## Task to carry out
Instruction for the data below: set down exactly the lines from the line with "昏迷老人被转移至安全区域。" to the line with "Vehículo lanzador del", inclusive, and no others.

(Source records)
-- Opening Marker --
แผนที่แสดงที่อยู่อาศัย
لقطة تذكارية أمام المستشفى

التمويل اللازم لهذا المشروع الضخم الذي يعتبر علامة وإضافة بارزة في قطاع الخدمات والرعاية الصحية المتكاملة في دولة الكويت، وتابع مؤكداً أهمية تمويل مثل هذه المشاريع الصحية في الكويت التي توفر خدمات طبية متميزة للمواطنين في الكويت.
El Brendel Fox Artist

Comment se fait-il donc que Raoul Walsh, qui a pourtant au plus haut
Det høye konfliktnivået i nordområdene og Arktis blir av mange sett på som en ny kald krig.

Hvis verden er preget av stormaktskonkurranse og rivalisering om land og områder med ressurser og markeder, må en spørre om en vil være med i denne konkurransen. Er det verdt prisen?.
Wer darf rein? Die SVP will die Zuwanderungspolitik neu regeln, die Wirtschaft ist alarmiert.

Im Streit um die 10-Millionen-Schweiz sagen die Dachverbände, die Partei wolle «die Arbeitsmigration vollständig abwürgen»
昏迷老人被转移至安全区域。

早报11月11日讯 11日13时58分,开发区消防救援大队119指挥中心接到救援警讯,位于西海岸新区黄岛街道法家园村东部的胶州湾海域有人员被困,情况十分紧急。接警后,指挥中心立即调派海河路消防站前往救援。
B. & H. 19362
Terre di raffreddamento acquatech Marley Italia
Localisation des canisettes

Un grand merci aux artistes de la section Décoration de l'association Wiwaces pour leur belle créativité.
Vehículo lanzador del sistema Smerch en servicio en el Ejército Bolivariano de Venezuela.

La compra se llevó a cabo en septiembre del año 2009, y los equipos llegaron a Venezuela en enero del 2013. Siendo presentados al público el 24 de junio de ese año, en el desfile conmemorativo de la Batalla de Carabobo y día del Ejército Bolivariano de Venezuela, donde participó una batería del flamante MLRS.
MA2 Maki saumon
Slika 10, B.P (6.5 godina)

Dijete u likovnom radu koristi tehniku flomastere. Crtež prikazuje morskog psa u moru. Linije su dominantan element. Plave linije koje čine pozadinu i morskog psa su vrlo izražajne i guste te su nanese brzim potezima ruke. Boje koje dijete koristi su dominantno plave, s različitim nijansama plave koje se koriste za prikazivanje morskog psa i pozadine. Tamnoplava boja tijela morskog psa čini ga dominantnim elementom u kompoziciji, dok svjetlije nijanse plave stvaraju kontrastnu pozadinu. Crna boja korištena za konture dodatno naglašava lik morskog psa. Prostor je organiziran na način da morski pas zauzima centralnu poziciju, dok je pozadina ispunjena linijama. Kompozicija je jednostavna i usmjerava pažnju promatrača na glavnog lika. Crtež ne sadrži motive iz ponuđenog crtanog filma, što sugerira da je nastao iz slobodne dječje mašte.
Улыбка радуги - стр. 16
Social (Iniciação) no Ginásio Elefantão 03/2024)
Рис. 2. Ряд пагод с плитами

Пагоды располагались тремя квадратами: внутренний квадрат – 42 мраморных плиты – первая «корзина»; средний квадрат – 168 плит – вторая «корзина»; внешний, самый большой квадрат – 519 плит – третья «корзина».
-- Closing Marker --
## Completed task
昏迷老人被转移至安全区域。

早报11月11日讯 11日13时58分,开发区消防救援大队119指挥中心接到救援警讯,位于西海岸新区黄岛街道法家园村东部的胶州湾海域有人员被困,情况十分紧急。接警后,指挥中心立即调派海河路消防站前往救援。
B. & H. 19362
Terre di raffreddamento acquatech Marley Italia
Localisation des canisettes

Un grand merci aux artistes de la section Décoration de l'association Wiwaces pour leur belle créativité.
Vehículo lanzador del sistema Smerch en servicio en el Ejército Bolivariano de Venezuela.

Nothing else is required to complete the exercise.